La polemica nasce perchè nel Decreto Infrastrutture è inserita una norma che vieta “qualsiasi forma di pubblicità il cui contenuto” sia discriminatorio con riferimento anche all’identità di genere
“Il ddl Zan esce dalla porta e rientra dalla finestra nel Decreto infrastrutture”.
Lo afferma in una nota stampa la Onlus Pro Vita & Famiglia, che poi rincara la dose con un commento del suo presidente: “Sarà ancora possibile affermare in una pubblicità che i bambini sono maschi e le bambine sono femmine? Che un bambino nasce da una mamma e un papà? Che l’utero in affitto è una pratica barbara? Secondo il Disegno di Legge sulle infrastrutture tutto ciò sarà vietato”.

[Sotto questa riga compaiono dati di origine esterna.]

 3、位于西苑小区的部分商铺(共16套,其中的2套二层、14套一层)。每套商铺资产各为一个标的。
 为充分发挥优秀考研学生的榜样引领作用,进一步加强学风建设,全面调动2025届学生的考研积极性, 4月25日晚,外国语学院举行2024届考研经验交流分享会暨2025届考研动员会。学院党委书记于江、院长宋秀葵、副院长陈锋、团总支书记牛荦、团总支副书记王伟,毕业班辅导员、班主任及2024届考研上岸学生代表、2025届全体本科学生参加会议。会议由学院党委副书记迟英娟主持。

Così Antonio Brandi, presidente di Pro Vita & Famiglia, critica il ddl Infrastrutture – approvato alla Camera e ora all’esame in Senato -, che vieta “qualsiasi forma di pubblicità il cui contenuto” sia discriminatorio con riferimento anche all’identità di genere.

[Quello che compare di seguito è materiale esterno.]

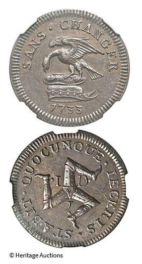 In 1733 coins of the Isle of Man were issued by the King of Man (or Mann). The penny example of 1733 pictured here was minted to recognize James Stanley, 10th Earl of Derby, then the King of Man.
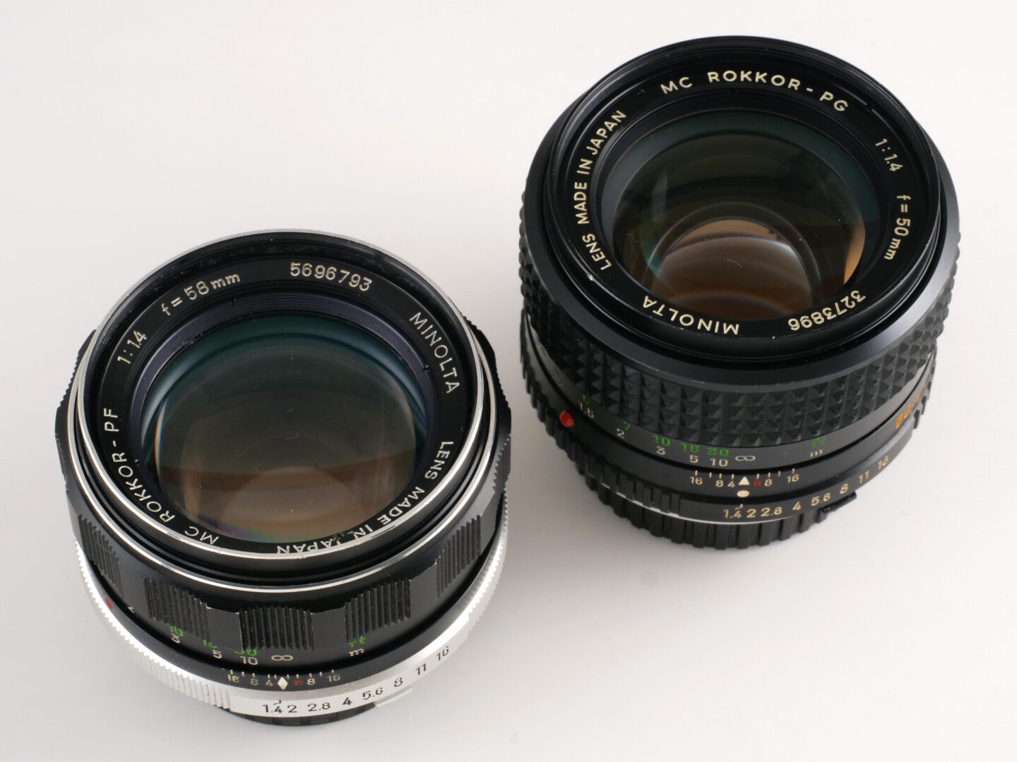 ミノルタSR-T101の発売と同時に、開放測光に対応するための連動機構を搭載したMCロッコール交換レンズがリリースされました。それ以前のレンズとバヨネットは同一です。ミノルタのMFシステムはMCロッコールの後には絞り優先・シャッター優先およびプログラムAEを搭載したミノルタXDに対応すべく、絞りの動特性を向上させたMDロッコールへと進化していきます。ちなみにMCロッコールには大きく2世代があり、ピントリングがローレット加工の金属製でエッジが銀色の前期型と、ピントリングに合成ゴムのブロックパターンが巻かれた真っ黒い後期型が存在します。
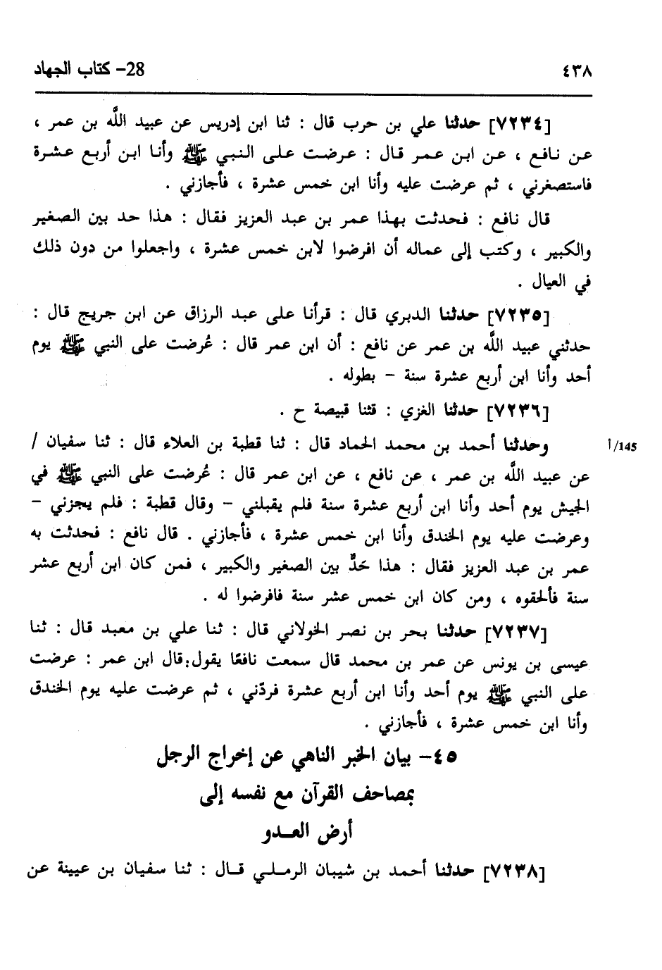 7237 - حَدَّثَنَا بَحْرُ بْنُ نَصْرٍ الْخَوْلَانِيُّ، قَالَ: ثنا عَلِيُّ بْنُ مَعْبَدٍ، قَالَ: ثنا عِيسَى بْنُ يُونُسَ، عَنْ عُمَرَ بْنِ مُحَمَّدٍ، قَالَ: سَمِعْتُ نَافِعًا، يَقُولُ: قَالَ ابْنُ عُمَرَ: «§عُرِضْتُ عَلَى النَّبِيِّ صَلَّى اللهُ عَلَيْهِ وَسَلَّمَ يَوْمَ أُحُدٍ وَأَنَا ابْنُ أَرْبَعَ عَشْرَةَ فَرَدَّنِي، ثُمَّ عُرِضْتُ عَلَيْهِ يَوْمَ الْخَنْدَقِ، وَأَنَا ابْنُ خَمْسَ عَشْرَةَ فَأَجَازَنِي»
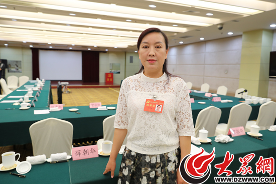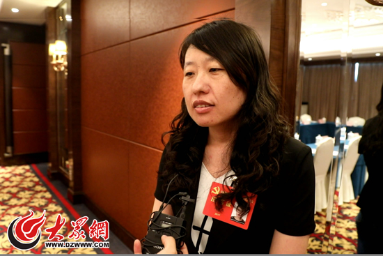 15日上午,濱州團(tuán)代表藺春燕接受記者采訪。

“L’identità di genere non è entrata con il cavallo di Troia del ddl Zan e ora surrettiziamente il Governo ci riprova inserendola in questa norma sotto la foglia di fico, come al solito, delle discriminazioni, in particolare con l’emendamento 1.294, approvato senza illustrazione e senza discussione e proposto dal Pd. Non solo viene calpestata la libertà di espressione sancita dalla Costituzione, ma si apre nuovamente all’identità fluida.

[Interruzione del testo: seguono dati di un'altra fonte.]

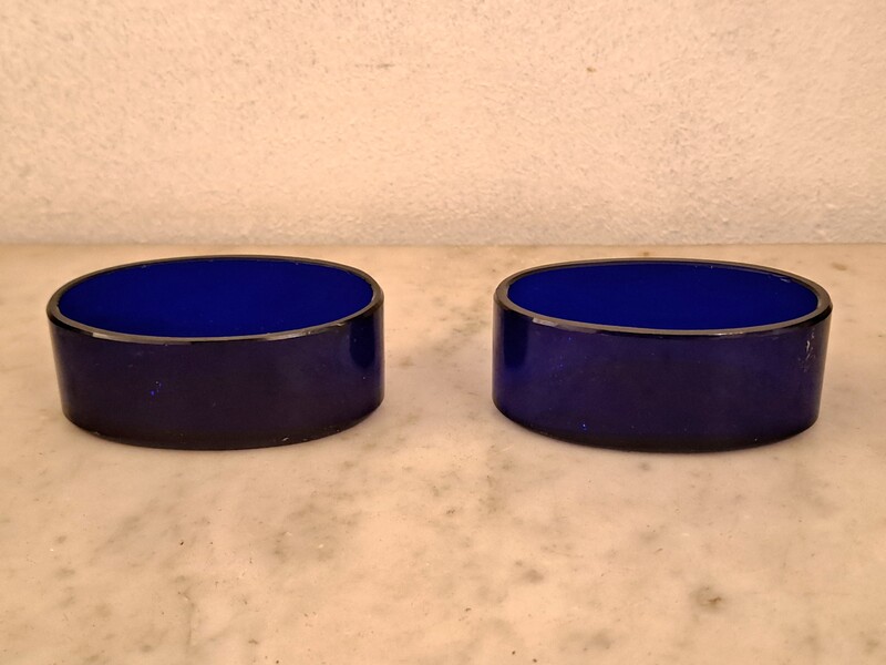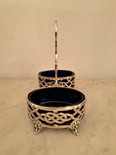 Christofle double salt cellar in silver-plated and cobalt blue glass
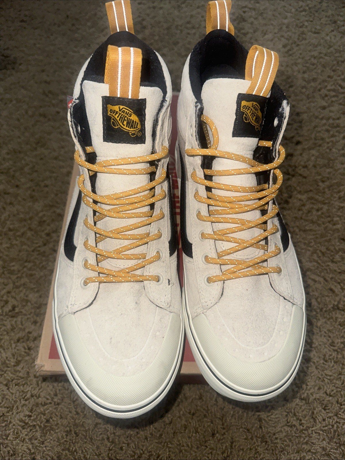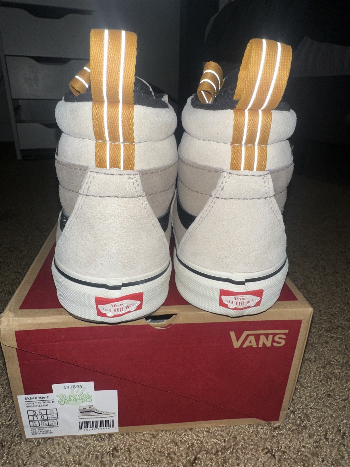 This VANS SK8 sneaker in size 8.5 features a High Top Shoe Shaft Style in an Ivory colorway with a Pop character design. It is designed for Men's athletic wear, specifically for boxing, with a suede Upper Material and a release year of 2022. The model, VANS Size 9.5MTE-2 High Utility Pop, offers a unique style code (VN0A5HZZJ5K) and is part of the VANS Sk8 product line. This versatile and stylish shoe is ideal for those looking for both performance and fashion in their footwear.
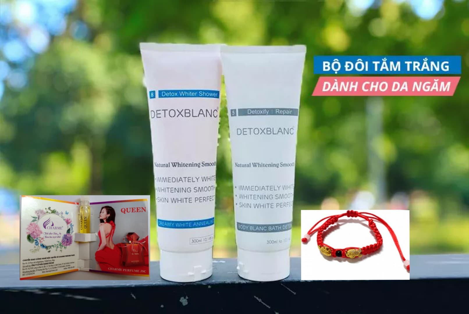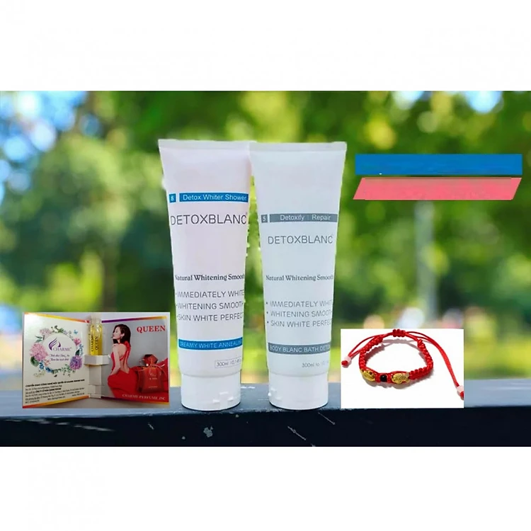 Combo Tắm trắng dành cho da ngăm Sữa Tắm Trắng Da Than Hoạt Tính Body Blanc Bath Detox và Ủ Trắng Da Toàn Thân Creami White Annealing - Detox BlanC + Tặng kèm vòng Phong THủy cưc chất + Mẫu Test nước hoa Charme Queen
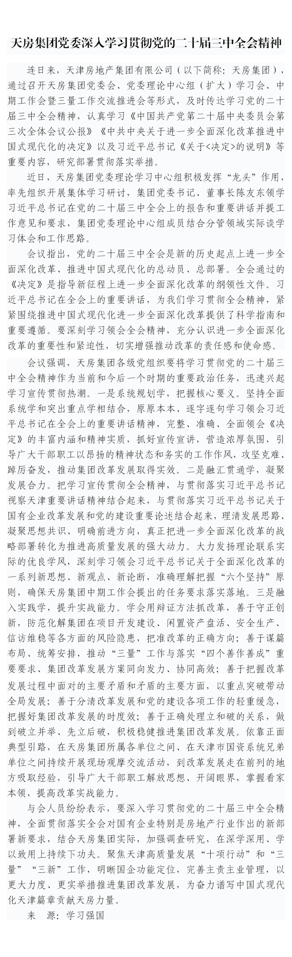 天房集團黨委深入學習貫徹黨的二十屆三中全會精神

Lo sapevamo che non bisognava abbassare la guardia! Abbiamo già sperimentato censure come questa quando, in passato, alcuni Comuni hanno bloccato o censurato i nostri manifesti per normative simili”, aggiunge Jacopo Coghe, vicepresidente della Onlus.
“Chiediamo – conclude la nota di Pro Vita – di eliminare dal Decreto infrastrutture ogni riferimento all’identità di genere, altrimenti realtà, partiti politici o associazioni finora libere come la nostra avranno la bocca chiusa da una censura figlia della volontà di allineare tutti al pensiero unico”.